Management now needs to be replaced with meaningful leadership across the entire sector to create an environment of “distributed decision-making” that becomes a more devolved system inclusive of academics’ voices, knowledge and ideas: “what would make my life work immediately better is being trusted more, being…monitored less…being allowed to…decide on strategy and what it is that we do as an academic and as an expert rather than being put into a position in which we have to enforce or…translate strategies that are…thought up and decided somewhere else.” Doing this could create stronger links between all staff and students of the university where they feel not just listened to, but valued. A key element to rethink here are the measures and metrics that govern our universities’ directions, particularly the NSS, TEF, REF and: “whatever the hell else is going to come next.” This is going to require not only a shift, but a complete transformation in political discourse: “I’d like to see them put a lot more money into universities and to really celebrate universities and not to see them as some kind of massive drain that only exists in order to help people get better paying jobs afterwards because that’s not the point of university.” In fact, in the spirit of collegiality and something many of us in the sector know already, summed up here is that “all universities in the UK are very decent.” This echoes the chorus found at the 2018 Strikes for change through humanised higher education that doesn’t have to be a competitive wheel peddling the market cogs to ensure the customer gets what they paid for.
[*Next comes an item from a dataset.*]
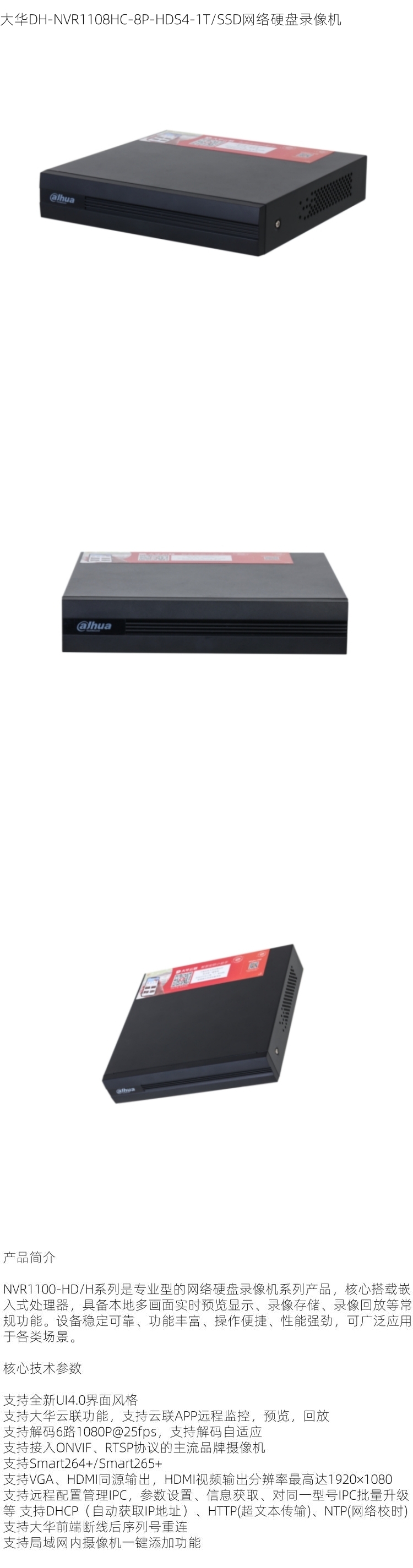 | 型号 | DH-NVR1108HC-8P-HDS4-1T/SSD |

Since this research project, the issues that hung in the air unresolved sparked further strike action, moving from ‘just’ pensions to tackling pay, workload, equity and casualisation (UCU 2020). We are now in a global health pandemic, but standing at the same junction. We can stand together and continue the chorus, even politicians have praised Universities’ efforts in their response to COVID-19. Or we can fall back into competition, which with a lack of actual commitment in funds from the government, may become more fierce in the scramble over what to do with lost revenues. Change is coming: many predict a potential collapse of the model for some universities – will it force change or increase growth of neoliberal agenda?